### INFORMATION SUPPLIED
□ □ □ □

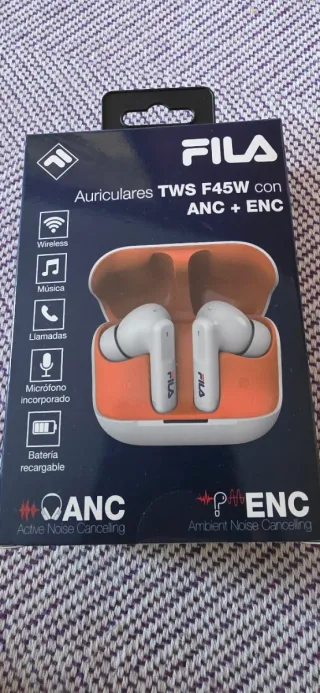Auriculares inalámbricos Fila TWS F45W con cancelación de ruido. - Conectividad inalámbrica. - Función de música. - Permiten realizar llamadas. - Micrófono incorporado. - Batería recargable. - Cancelación activa de ruido (ANC). - Cancelación de ruido ambiental (ENC). Nuevos a entrenar. No se han utizado. Solo para ver que funcionan correctamente, que por cierto se escuchan muy bien.
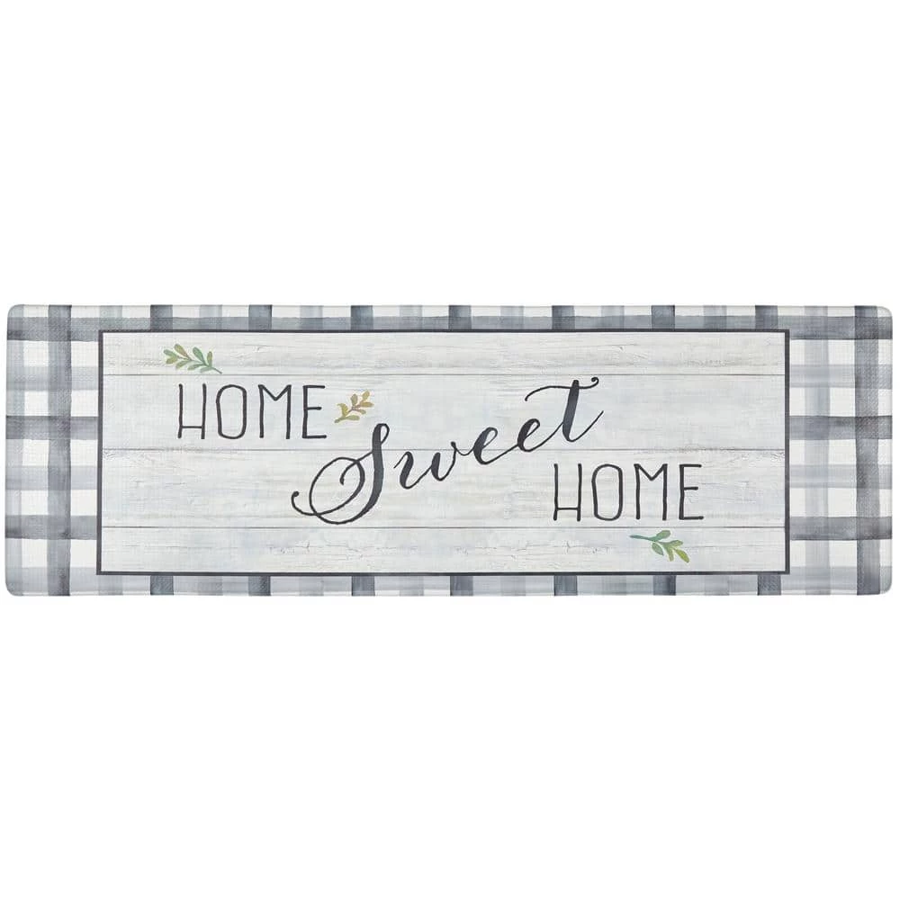 Bring comfort and style to your kitchen decor with the Cozy Living Home Sweet Home Farmhouse kitchen mat by Home Dynamix. Featuring a family friendly word saying on checkered background that is perfect for your farmhouse decor. This anti-fatigue mat will provide long-lasting comfort while you perform your tasks. Finished with a beautifully embossed textured top, these mats are constructed of durable polyvinyl with a smooth beveled edge that provides a safe and secure, anti-slip surface.
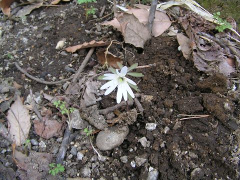 朝からの暖かな日差しを受けてシュンランがさきはじめ、アカバナエンレイソウが遠慮がちに咲いていて、ハンテン木の太い幹の根元に小さなイチゲが立った1本咲いていました。植えた覚えのないところで・・・。植えたところでは葉芽ばかりが出てはなめ芽はなし。気難しい花のようですが・・・・。

□ □ □ □

### REQUIRED WORK
None of the pictures should appear; copy the rest of the material above exactly.

### REPLY
Auriculares inalámbricos Fila TWS F45W con cancelación de ruido. - Conectividad inalámbrica. - Función de música. - Permiten realizar llamadas. - Micrófono incorporado. - Batería recargable. - Cancelación activa de ruido (ANC). - Cancelación de ruido ambiental (ENC). Nuevos a entrenar. No se han utizado. Solo para ver que funcionan correctamente, que por cierto se escuchan muy bien.
 Bring comfort and style to your kitchen decor with the Cozy Living Home Sweet Home Farmhouse kitchen mat by Home Dynamix. Featuring a family friendly word saying on checkered background that is perfect for your farmhouse decor. This anti-fatigue mat will provide long-lasting comfort while you perform your tasks. Finished with a beautifully embossed textured top, these mats are constructed of durable polyvinyl with a smooth beveled edge that provides a safe and secure, anti-slip surface.
 朝からの暖かな日差しを受けてシュンランがさきはじめ、アカバナエンレイソウが遠慮がちに咲いていて、ハンテン木の太い幹の根元に小さなイチゲが立った1本咲いていました。植えた覚えのないところで・・・。植えたところでは葉芽ばかりが出てはなめ芽はなし。気難しい花のようですが・・・・。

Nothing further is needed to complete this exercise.